The corpse was pale, almost white. It seemed to be oddly dry despite all the rain around.

A small hole was in its neck, but there was no blood as it had all been sucked out by something.

“Weakling.” Parker shook his head in disdain, and he smiled as he realized this couldn’t be Kai.

Based on the other brats he saw at the cult compound, who were all fair-skinned and clean, this guy was way too old and far too grimy.

His tattered clothes and hair didn’t match the description either. As for his eyes, well, they were gone.

“Probably eaten by whatever dragged him here and sucked his life out.”

Parker was about to turn to leave, but suddenly his intuition was screaming at him, sending alarm bells in his head as it told him to put his guard up.

He jumped back towards the door, raising his needle dagger and readied for an attack.

His magic shield was still up, so he would just have to land a few stabs before it could be broken. The magic dagger would do the rest.

Finally he saw something.

“The ceiling.” his eyes squinted.

A large round pair of white eyes gazed at him, both of them the size of fists, attached to a triangle bug-shaped head. Some long black hair began to drape down, pulled by the pouring rain.

Parker gazed back, waiting for it to make a move.

The two hunters were locked in a stare, sizing each other up.

After a moment, the head suddenly raised back up into the ceiling, its hair following and disappearing just as quickly.

Only the pouring rain filled the silence.

It was gone.

“Smart.” Parker thought, seeing that it decided not to challenge him, disappearing into the darkness and rain.

To survive the den sector, one had to be brutally aggressive when it was required, but smart enough to know when to flee, and that creature was both, making it many times more dangerous.
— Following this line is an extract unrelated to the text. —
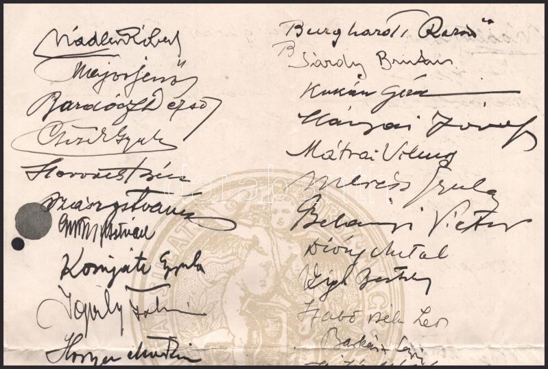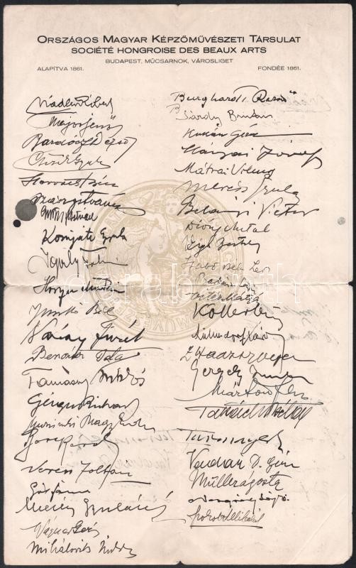 cca 1920-30 A kor híres, neves festőművészei, grafikusai autográf aláírásai: Nádler Róbert, Major Jenő, Bardócz Dezső, Csizik Gyula, Komjáti-Wanyerka Gyula, Juszkó Béla, Geiger Richárd, Veress Zoltán, Wágner Géza, Mihálovits Mikjlós, Burghardt Rezső, Sárdy Brutus, Kukán Géza, Mányai József, Mátrai Vilmos, Merész Gyula, Belányi Viktor, Diósy Antal, Vígh Bertalan, Szabó Béla Leo, Barkász Lajos, Vitéz Mátyás, Gergely Imre, Lühnsdorf Károly, Márton Ferenc, Turmayer Sándor, Neogrády László stb, össz. 45, részben beazonosításra váró aláírás, Országos Magyar Képzőművészeti Társulat fejléces papírján, hajtásnyommal, apró szakadásokkal

Parker left the drained corpse and returned to the street, following Kai’s tracks again.

After traveling through different alleys and streets for a while, Parker was surprised at how the kid made it this far without dying.

More than a few times he had to dash past some prying eyes in random buildings that were monitoring the streets below.
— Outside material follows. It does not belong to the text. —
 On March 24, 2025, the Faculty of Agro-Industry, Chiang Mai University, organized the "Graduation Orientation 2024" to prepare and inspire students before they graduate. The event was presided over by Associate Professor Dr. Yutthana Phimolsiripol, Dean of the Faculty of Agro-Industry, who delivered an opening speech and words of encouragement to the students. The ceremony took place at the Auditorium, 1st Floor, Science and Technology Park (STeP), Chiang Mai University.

He kept the seeing sphere facing backwards at all times to check his tail - and it had seen a few things so far.

Something had followed him through a few alleys - but something else had followed it, and it was slayed before Parker had to do anything about it. The predator became the prey.

It only made Parker more vigilant and tense.

“All the vile things come out at night. Especially with no people around.” he pursed his lips, cursing the chilling rain.

Yet Parker kept his mind focused on the prize.

“This will be worth the gold.” he kept telling himself.

Soon, he entered the shadow of the bridge; following Kai’s foot-prints as it led directly underneath it.

“Huh. Probably the worst place he could possibly choose… other than the sewers anyway.” Parker shivered, thinking about the mist walkers lurking below.

Following the shoe-prints under the bridge, he noticed they led straight back out again.

“Ah, he’s learning?” he raised a brow.

Parker didn’t actually know there were flesh-plaque rats living in the trash piles under the bridge, but he knew it would be a place where there would be, comparatively, a lot of foot traffic as it was a natural thoroughfare - and meeting anyone in the den sector would never be a peaceful affair, while there were no shoe-prints of the rats as they were simply too small.

Before Parker or the flesh-plaque covered rock rats could learn of each other's existence, he had already left again.

The shoe-prints Kai left behind were getting brighter, meaning he was catching up.

“Can’t be too much further behind him now…” he thought with a cunning smile.